WHAT IS BEING ASKED:
Retype the data that follows line by line, exactly, and leave its pictures out.

__________

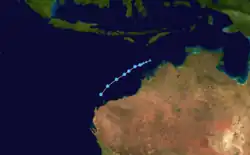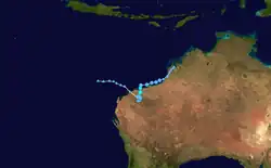| Victoria | 7–12 April | Category 3 severe tropical cyclone | 140 km/h (85 mph) | 971 hPa (28.67 inHg) | Western Australia | None | None | None | |
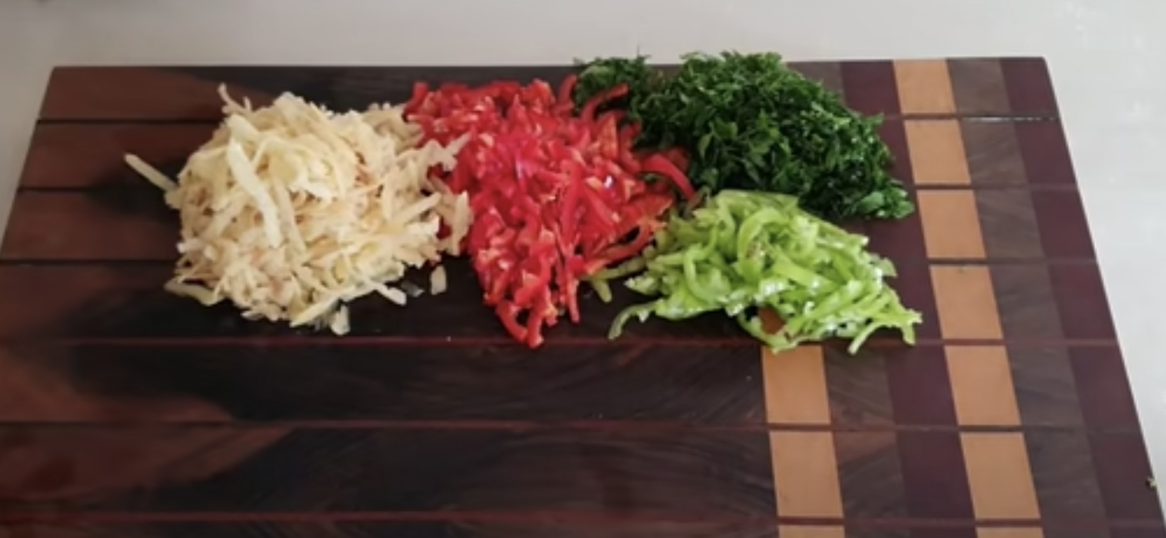Ziemniaka obieramy i ścieramy na tarce. Odciskamy z nadmiaru wody. Papryki i pietruszkę drobno siekamy.
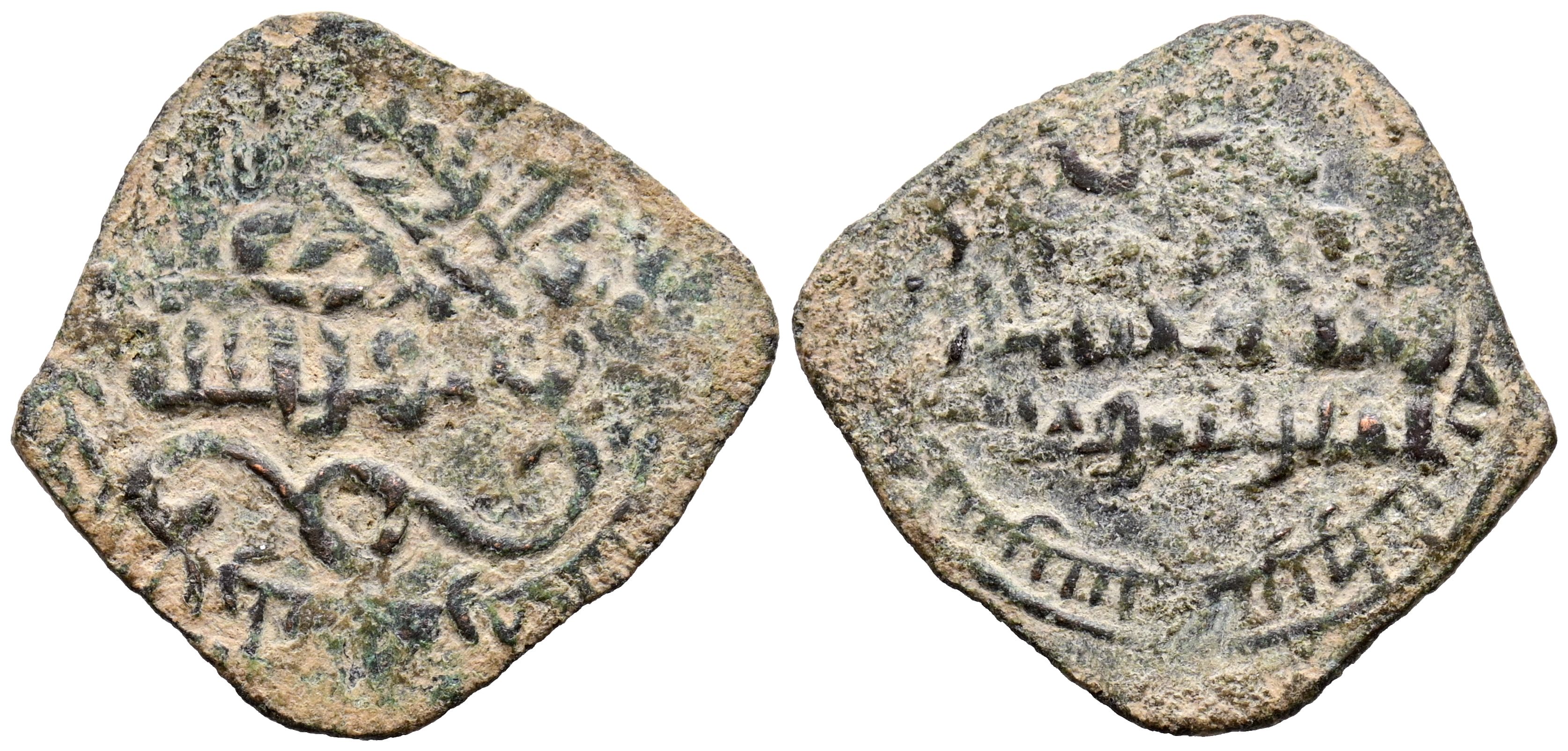 EMIRATO INDEPENDIENTE DE CÓRDOBA. Abd al-Rahman III. Felús. (Ae. 1,69g/23 mm). 3¿20?H. (Vives 374var; Frochoso I-92var). Anv: Citando a Yaḥyà / يحيى, 'Sahada' en dos líneas y el título Amir al muminin / امير المومنين en la parte infeiror, alrededor parte de la ceca y fecha completa perfectamente visibles en la orla. Rev: Misión profética en dos líneas y adorno elíptico en la parte inferior, alrededor orla parcialmente visible. Reacuñación diagonal con el nombre ¿Abd al-Rahman /عبد الرحمن?. MBC-. Muy raro e interantísimo ejemplar para estudio.
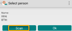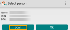 Bij het eerste gebruik van de app is de sectie Select person blanco, indien reeds een gebruiker geconfigureerd werd, worden diens naam, rijksregisternummer en BTW-nummer vermeld. Maak gebruik van de knop Scan om een (andere) persoon te koppelen.
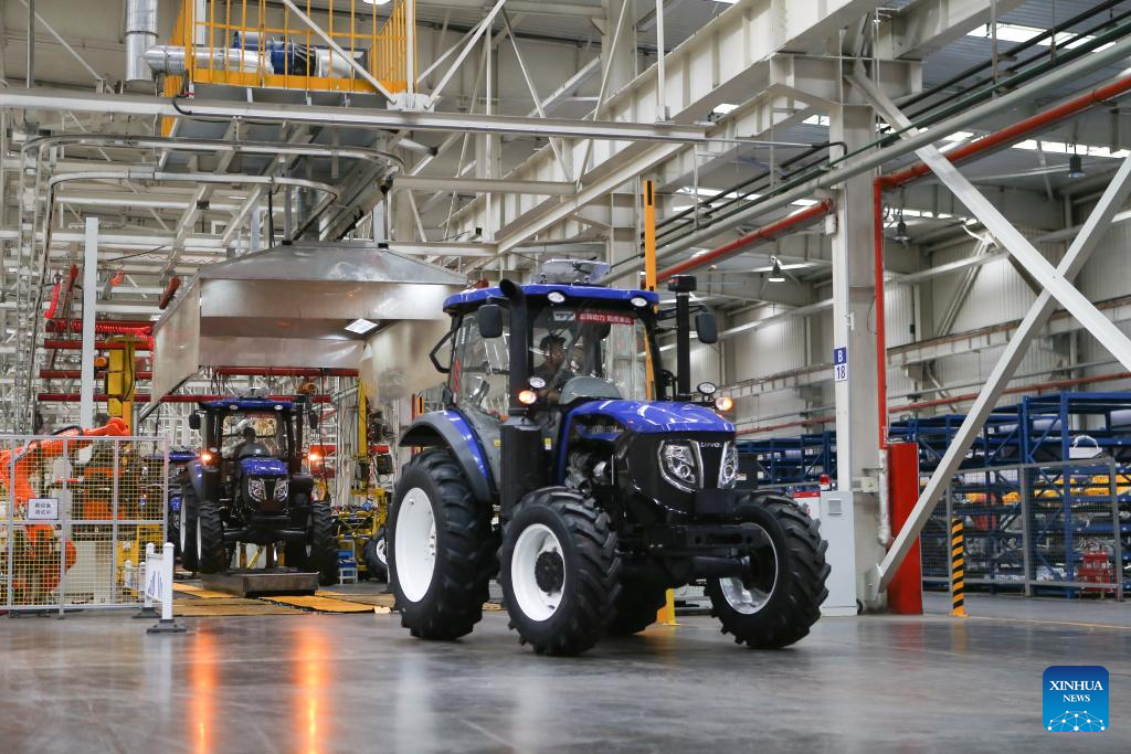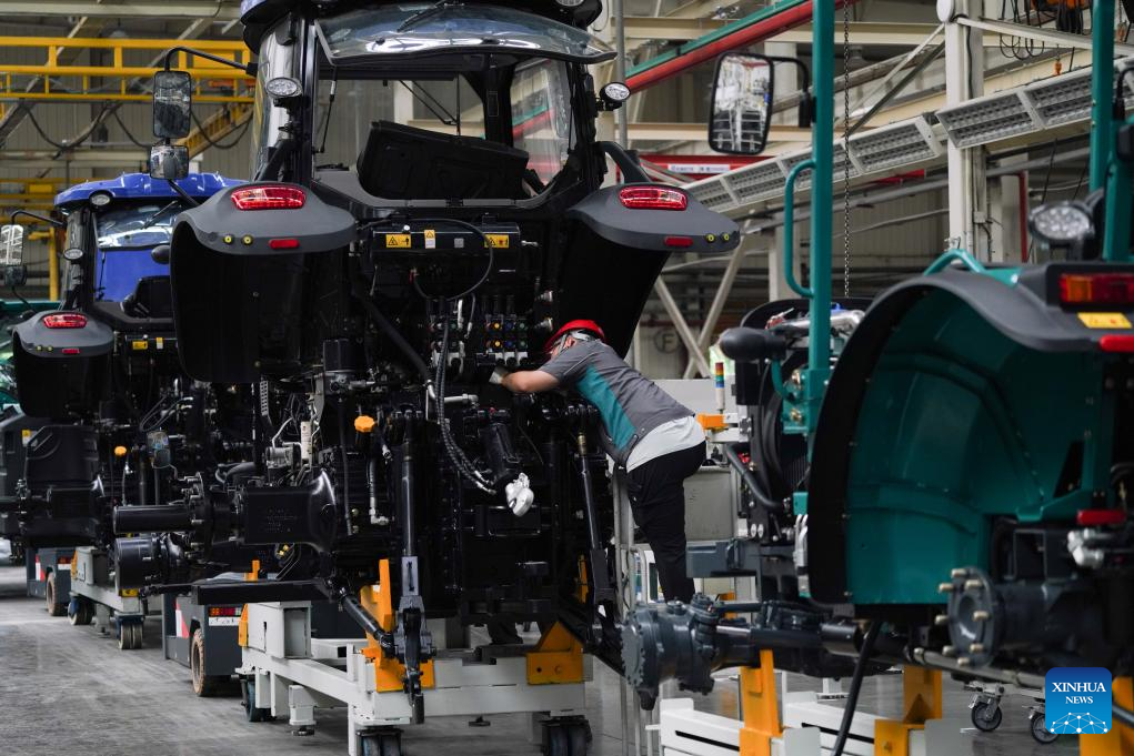 Workers assemble tractors at a workshop of Weichai Lovol Intelligent Agricultural Technology Co., Ltd. in Weifang City, east China's Shandong Province, July 26, 2023.?(Xinhua/Zhang Haobo)
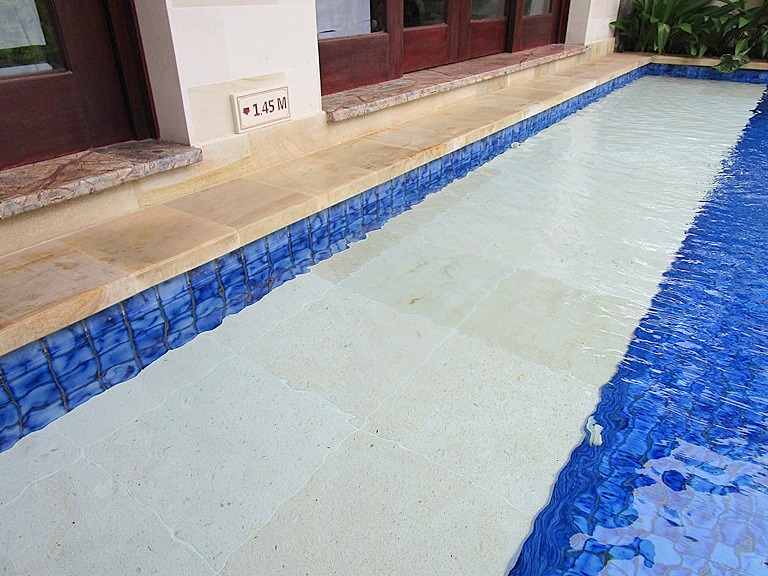 プールの深さは1.45mですが、20cmくらい?の浅い部分(↓白い部分)があるのですが、ここでのんびりできる!こういう造りが嬉しい。
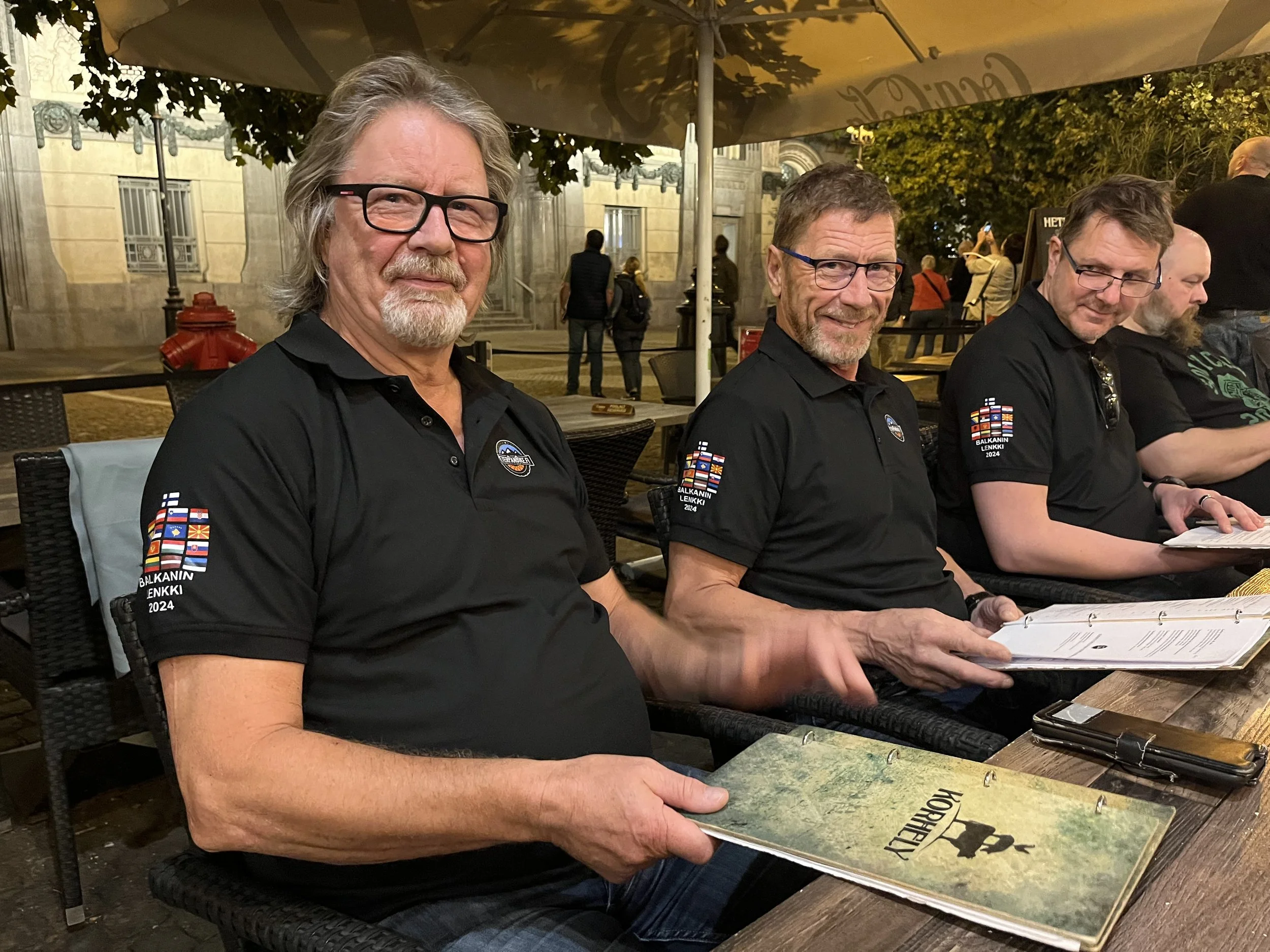 Jarmo Ami ja Pekka tilailevat virallista iltapalaa matkan virkapaita päällään.

__________

ANSWER TO THIS TASK:
| Victoria | 7–12 April | Category 3 severe tropical cyclone | 140 km/h (85 mph) | 971 hPa (28.67 inHg) | Western Australia | None | None | None | |
Ziemniaka obieramy i ścieramy na tarce. Odciskamy z nadmiaru wody. Papryki i pietruszkę drobno siekamy.
 EMIRATO INDEPENDIENTE DE CÓRDOBA. Abd al-Rahman III. Felús. (Ae. 1,69g/23 mm). 3¿20?H. (Vives 374var; Frochoso I-92var). Anv: Citando a Yaḥyà / يحيى, 'Sahada' en dos líneas y el título Amir al muminin / امير المومنين en la parte infeiror, alrededor parte de la ceca y fecha completa perfectamente visibles en la orla. Rev: Misión profética en dos líneas y adorno elíptico en la parte inferior, alrededor orla parcialmente visible. Reacuñación diagonal con el nombre ¿Abd al-Rahman /عبد الرحمن?. MBC-. Muy raro e interantísimo ejemplar para estudio.
 Bij het eerste gebruik van de app is de sectie Select person blanco, indien reeds een gebruiker geconfigureerd werd, worden diens naam, rijksregisternummer en BTW-nummer vermeld. Maak gebruik van de knop Scan om een (andere) persoon te koppelen.
 Workers assemble tractors at a workshop of Weichai Lovol Intelligent Agricultural Technology Co., Ltd. in Weifang City, east China's Shandong Province, July 26, 2023.?(Xinhua/Zhang Haobo)
 プールの深さは1.45mですが、20cmくらい?の浅い部分(↓白い部分)があるのですが、ここでのんびりできる!こういう造りが嬉しい。
 Jarmo Ami ja Pekka tilailevat virallista iltapalaa matkan virkapaita päällään.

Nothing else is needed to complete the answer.